The fox looked at the wall instead of the door. The bubble around him faced head-on, not at where Mark had been. Mark took another step, and the corner turned with him.
Mark's back hit the door. It clicked shut. No more creaking. Only the sound of pain.
He swallowed. "Who are you?" The headache he got when looking at the fox forced him to keep darting his eyes away.
"A lesson." The fox sniffled.
Mark hesitated. "What are you?"
"Something I shouldn't be. I shouldn't be here. Neither should you. Leave, before it happens to you too." The urgency from his earlier warning was gone.
"Do you have a name?" Too harsh, and too late to take the words back.
The fox stared ahead. Ahead for him, not at Mark. His tail grew limp.
Mark opened the Camera app. The phone did as poorly as his eyes at focusing -- and made the phone hot in his hand -- but it was a way to safely look.
The fox's face scrunched. Then twisted. It strained under a load that teetered on the edge of fracturing it. "I don't remember," he whispered. "Too long not having my own name, too long as someone else." He hid his face. "I don't remember; I don't remember; I don't remember!"
"Maybe... maybe it'll come to you in time," Mark said. He should have reopened the door, but anything that could be interpreted as a rude gesture could set the fox on him. Even though he had a knife out. Who knew what the fox thought?
Mark sat on the table. "Would you like a name?"
"Are you sure?"
"Yeah. Everyone has a name. You should have one too. How about Vick?"
The fox pulled his hands away. They were paws, puffed too large. "Sure. Thank you."
"What's wrong, Vick?" Mark didn't know anyone named Vick. Where did that name come from?
Vick flipped to face the other direction, a bit more directly toward Mark. "I used to be a person. I knew a woman.

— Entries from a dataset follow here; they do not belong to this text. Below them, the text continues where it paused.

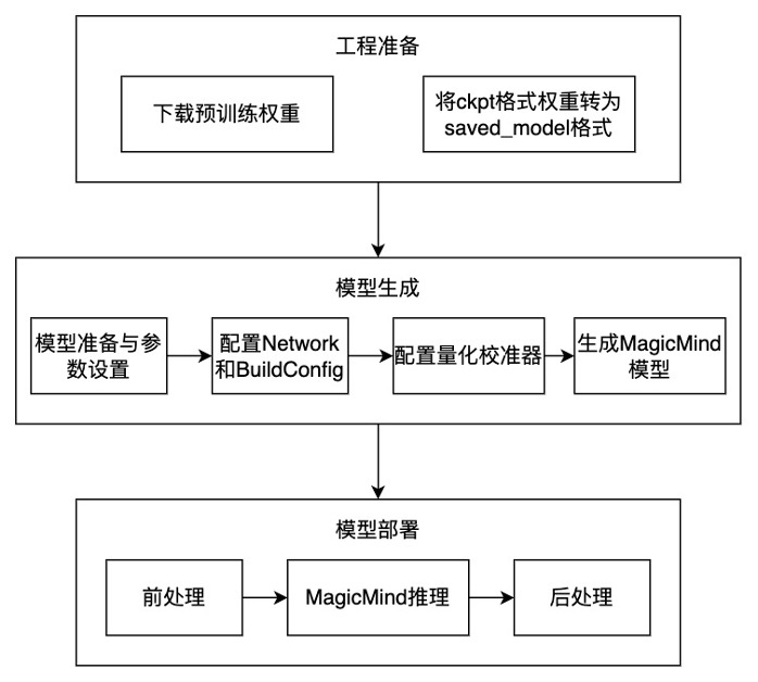 模型推理整体流程如下图所示,主要包含模型工程准备,模型生成和模型部署三部分: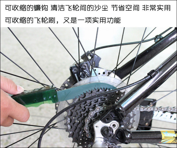 The four can be used independently can cooperate with each other comprehensive and three-dimensional cleaning of bicycle chain -- the flywheel of the whole transmission system.
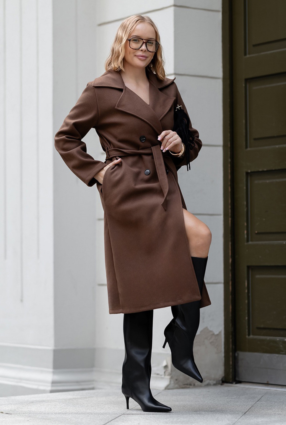 Długi płaszcz Frida Czekolada
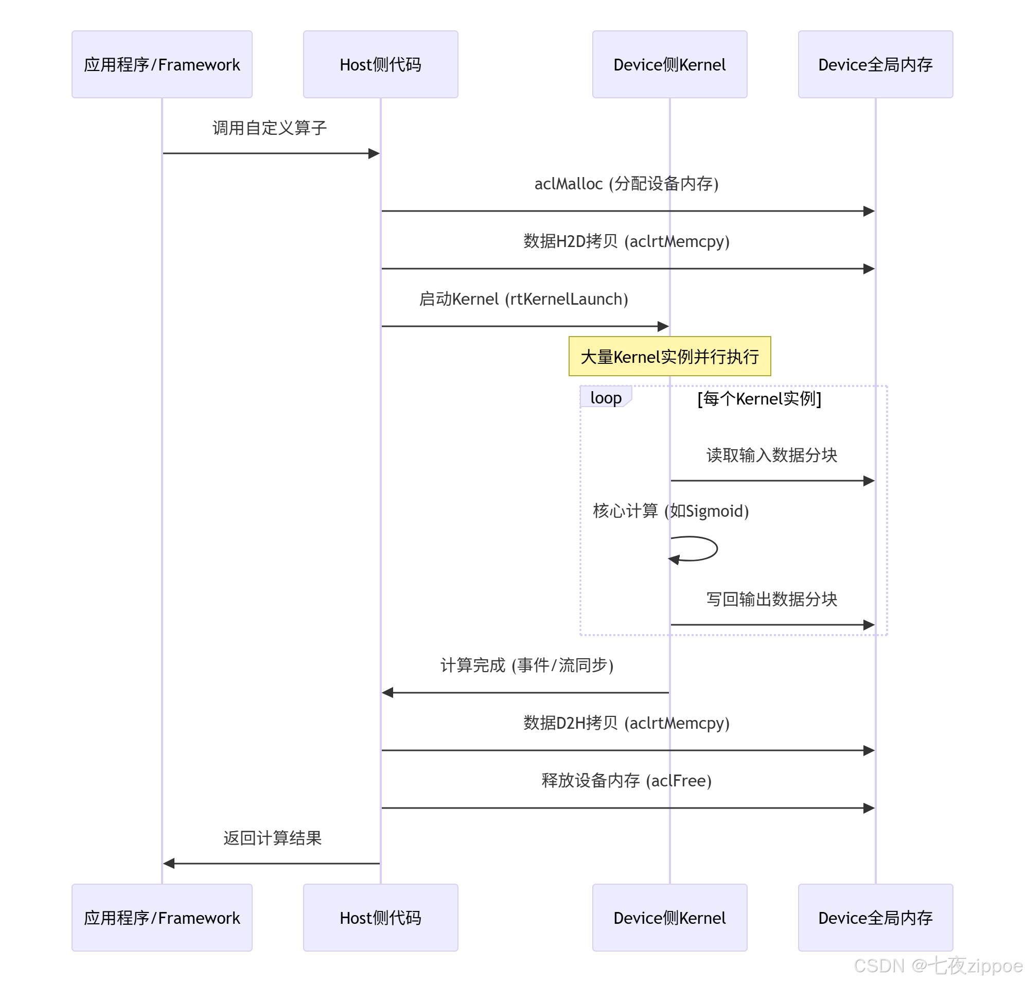 理解 Host 和 Device 的职责分工是编写 Ascend C 代码的基石。这是一种典型的异构计算(Heterogeneous Computing)模型。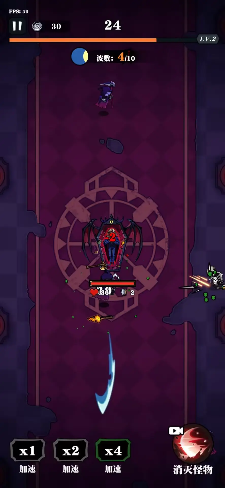 *玩家需要在游戏中控制各种吸血鬼,收集敌人掉落的装备等奖励,获取并升级自己,努力生存 30 分钟。攻击是完全自动的。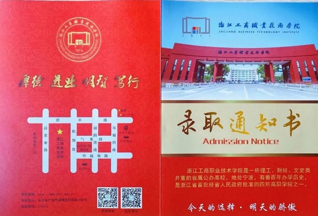 浙江工商职业技术学院的录取通知书以红色为主色调,饰以传统纹样,洋溢着浓浓的中国味道和喜庆气息。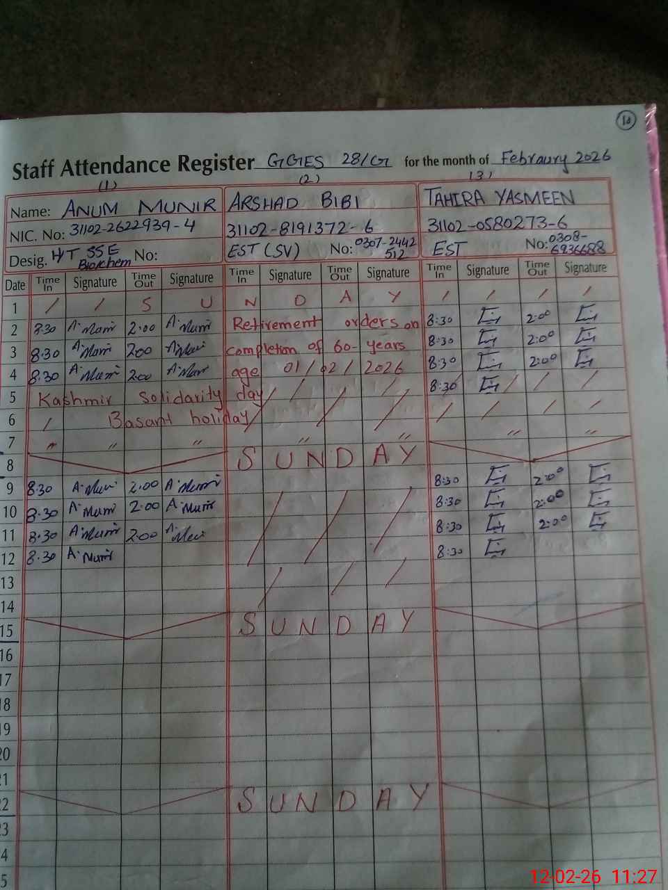 | CNIC | Full Name | Designation | R/C | Absence During Last Calender Month |
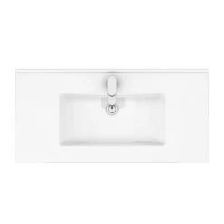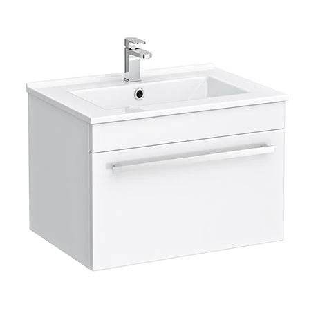 Add a boutique hotel feel to your bathroom with the Nova Wall Hung Vanity Sink With Cabinet. This 505mm wide gloss white vanity unit features a minimalist rectangular basin that adds a sleek look to your space. The slimline sink is crafted from robust ceramic for daily use. Open the drop down cupboard door of the wall hung vanity unit to reveal a convenient storage space – handy for keeping your toiletries neatly organised. Moisture resistant MDF prevents damage from spills and splashes, while a modern matt aluminium bar handle completes the contemporary aesthetic.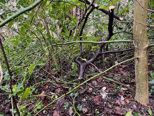 With equipment in one trolley we followed Vale Border to Field 3 then crossed diagonally to enter the short leg of Great Field. Small and large Laurels were removed in Stevens Larch, Langford’s Way and Avis Grove. In Avis Grove a very large multi-stemmed Laurel was cut down. Where possible cuttings were hung up to prevent re-rooting.report from Valerie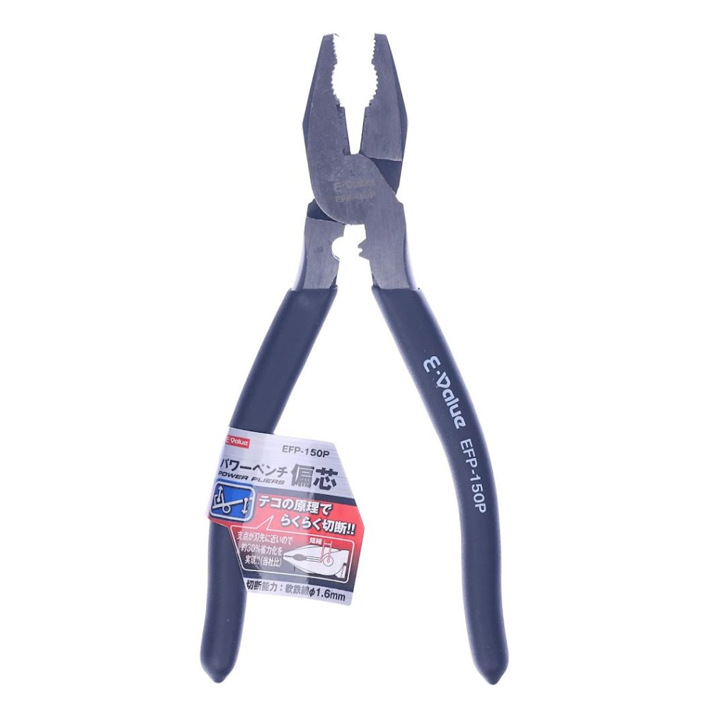 The E-VALUE High Leverage Combination Pliers, EFP-150P, is designed for ease and efficiency in cutting tasks. This versatile tool allows for twisting, cutting, gripping, and bending with minimal effort, thanks to its design that positions the fulcrum close to the blades, reducing the required force by approximately 30%. It boasts a cutting capacity for soft iron wire up to 1.6 mm in diameter and blade hardness rated at HRC 55-62, ensuring durability and precision in every cut. With dimensions of 50 mm in width, 165 mm in height, and 13 mm in depth, and weighing just 200 g, it's crafted for both comfort and performance in soft steel wire cutting tasks.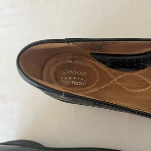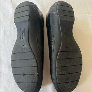 Step into timeless elegance with these black flats, crafted from smooth leather-like material and featuring a cushioned footbed for all-day comfort. Their minimalist design and rounded toe make them a versatile choice for any occasion, ensuring both style and practicality.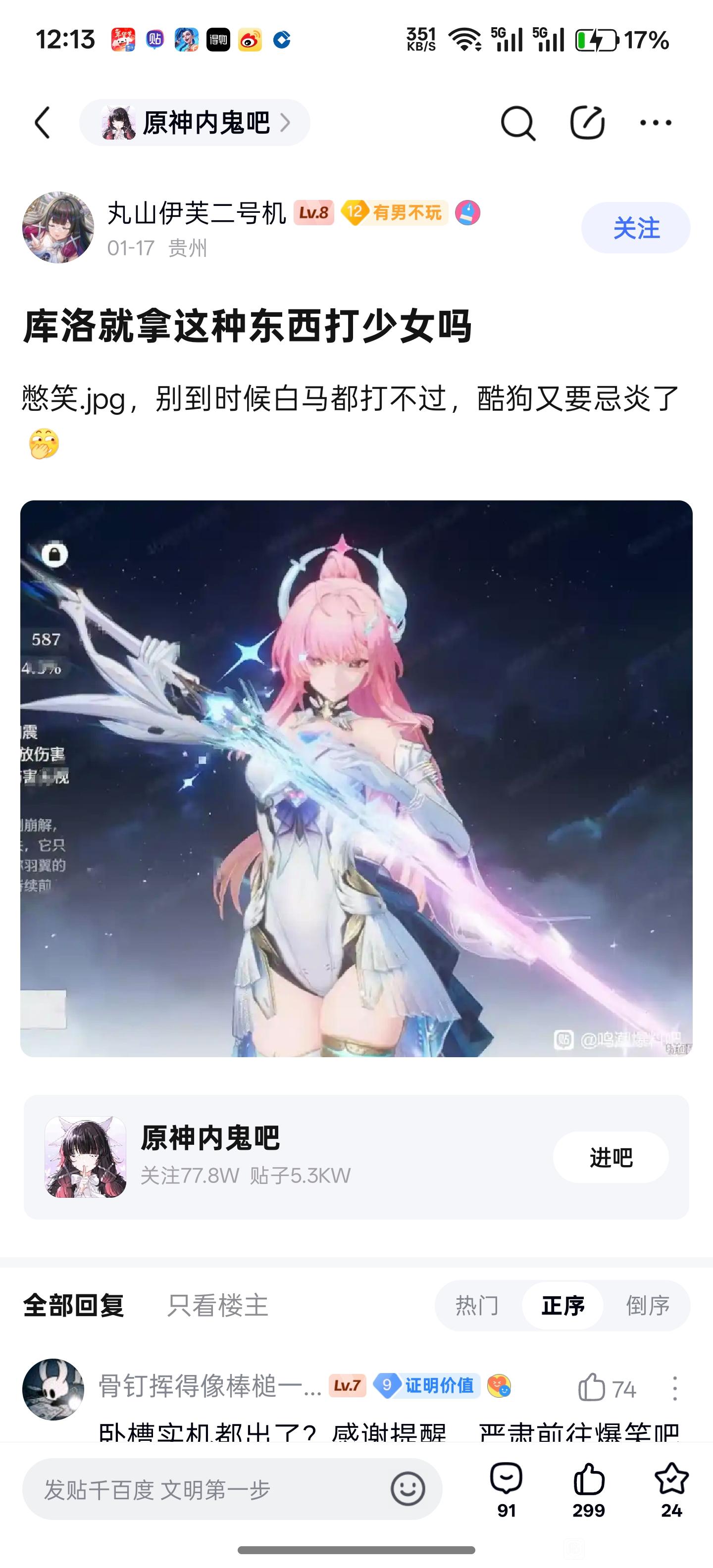 贴吧用户_Jt3D25G- 回复:不管你承不承认,现在米库社区是最臭的两个社区。正常人都能看出来库洛就是对标米的。不然鸣潮玩家为什么去拉踩米不去拉踩鹰角?而且鹰角粉丝的凝聚力比米强多了,真打起来库洛也占不到便宜。米社区游戏多分散不说,玩家群体经历了这么多年除了一些小鬼刚接触的压根没有多少人高强度社区对战,不然原神粉丝数是鸣潮的四五倍为啥社区基本都是鸣潮在赢?

I knew some kids... I think." He stretched his snout, and it twanged back. "But I'm not sure." Vick trembled. "All I remember is the cartoon, the same ten episodes, all day, every day, forced to watch, forced to act, forced to be..." Vick sat, and tears shot out once more. They landed near Mark's feet, melting into splotches of the same logic-defying flatness as the wall.
Mark flipped the knife back in the multi-tool and put it in his pocket. "I don't understand."
"I didn't know. I should never have touched it, never have gone to that garage sale. But I had it coming for me. It's what I got for not growing out of cartoons."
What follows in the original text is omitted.